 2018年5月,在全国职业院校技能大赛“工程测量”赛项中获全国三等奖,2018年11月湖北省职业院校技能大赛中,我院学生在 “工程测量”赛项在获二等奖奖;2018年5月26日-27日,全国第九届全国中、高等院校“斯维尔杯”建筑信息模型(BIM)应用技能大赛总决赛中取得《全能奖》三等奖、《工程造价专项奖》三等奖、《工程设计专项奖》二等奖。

* * *

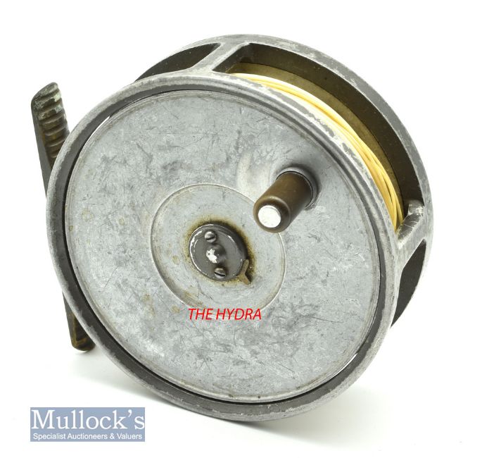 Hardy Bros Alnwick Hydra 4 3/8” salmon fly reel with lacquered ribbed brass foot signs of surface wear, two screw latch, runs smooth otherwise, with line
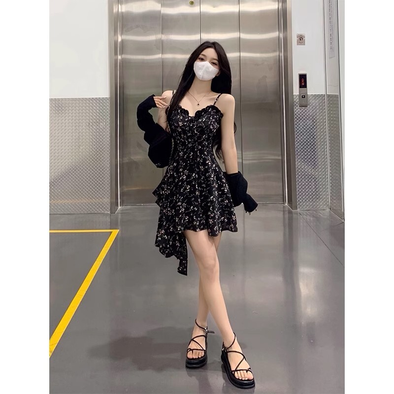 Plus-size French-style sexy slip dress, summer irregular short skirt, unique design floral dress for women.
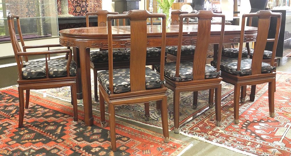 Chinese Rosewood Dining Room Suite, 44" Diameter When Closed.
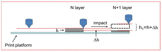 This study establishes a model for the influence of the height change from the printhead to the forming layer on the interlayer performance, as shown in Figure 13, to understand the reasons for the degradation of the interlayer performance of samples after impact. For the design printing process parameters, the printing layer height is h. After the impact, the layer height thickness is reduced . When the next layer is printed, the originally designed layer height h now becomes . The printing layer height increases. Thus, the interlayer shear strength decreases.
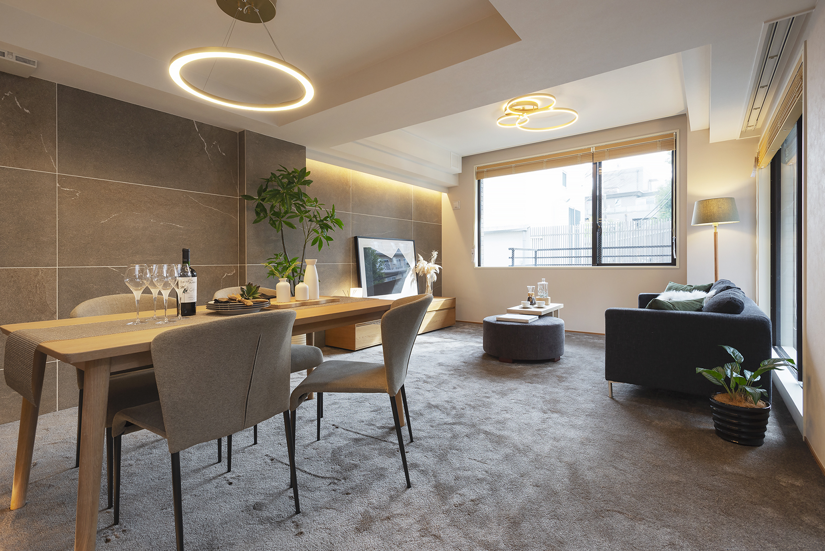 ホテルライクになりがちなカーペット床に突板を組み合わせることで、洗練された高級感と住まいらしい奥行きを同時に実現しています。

* PROBLEM STATEMENT
Using the entries above, write out exactly the lines from the one with "This study establishes" through the one with "ホテルライクになりがちなカー", ends included. Leave out any pictures.

* OUTPUT
 This study establishes a model for the influence of the height change from the printhead to the forming layer on the interlayer performance, as shown in Figure 13, to understand the reasons for the degradation of the interlayer performance of samples after impact. For the design printing process parameters, the printing layer height is h. After the impact, the layer height thickness is reduced . When the next layer is printed, the originally designed layer height h now becomes . The printing layer height increases. Thus, the interlayer shear strength decreases.
 ホテルライクになりがちなカーペット床に突板を組み合わせることで、洗練された高級感と住まいらしい奥行きを同時に実現しています。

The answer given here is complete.